Print all of the data exactly, but drop the pictures.

-------- Data shown --------

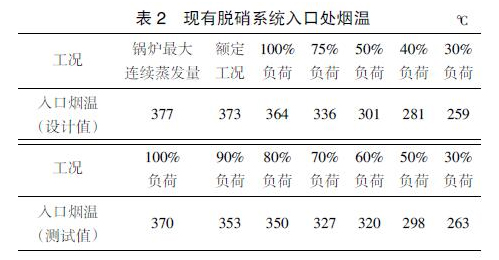 對現(xiàn)有脫硝系統(tǒng)入口處進(jìn)行各段不同負(fù)荷運行時煙溫的測試,測試結(jié)果如表2 所示。由表2 可以看出,在負(fù)荷50%時,脫硝系統(tǒng)入口(省煤器出口)煙氣溫度約300 益,由于催化劑的適宜溫度在(310-420)度,所以在負(fù)荷 50%以下無法滿足SCR 的運行要求。
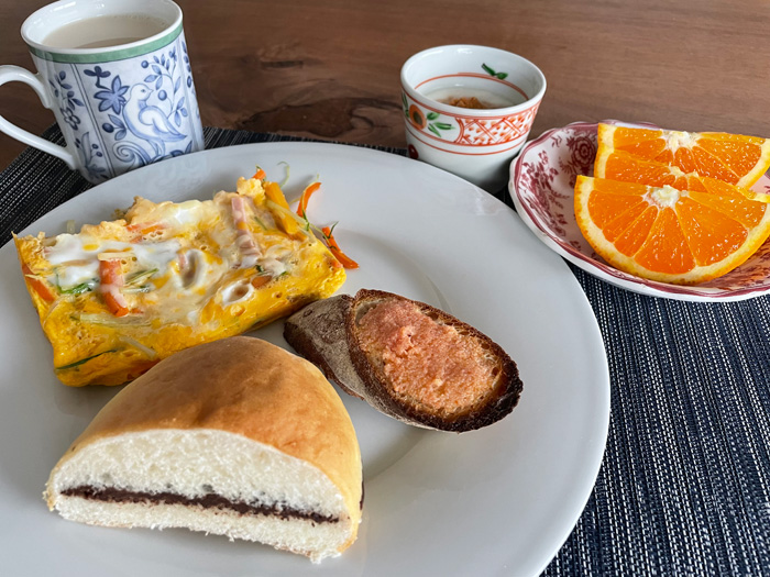 野菜やハムは全部刻んで卵で閉じると、きゅっと収まってしまいます。もう少し生野菜を添えればよかったかな。
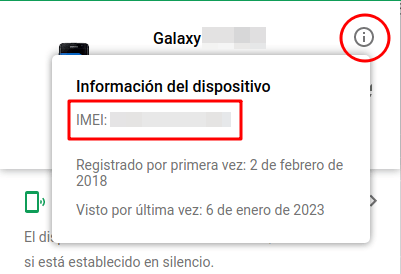 Si vas a la página de Encontrar tu teléfono aparte de que puedes intentar localizarlo, emitir un sonido o bloquear tu teléfono también tiene a la mano el IMEI del dispositivo.

--------

Your solution:
 對現(xiàn)有脫硝系統(tǒng)入口處進(jìn)行各段不同負(fù)荷運行時煙溫的測試,測試結(jié)果如表2 所示。由表2 可以看出,在負(fù)荷50%時,脫硝系統(tǒng)入口(省煤器出口)煙氣溫度約300 益,由于催化劑的適宜溫度在(310-420)度,所以在負(fù)荷 50%以下無法滿足SCR 的運行要求。
 野菜やハムは全部刻んで卵で閉じると、きゅっと収まってしまいます。もう少し生野菜を添えればよかったかな。
 Si vas a la página de Encontrar tu teléfono aparte de que puedes intentar localizarlo, emitir un sonido o bloquear tu teléfono también tiene a la mano el IMEI del dispositivo.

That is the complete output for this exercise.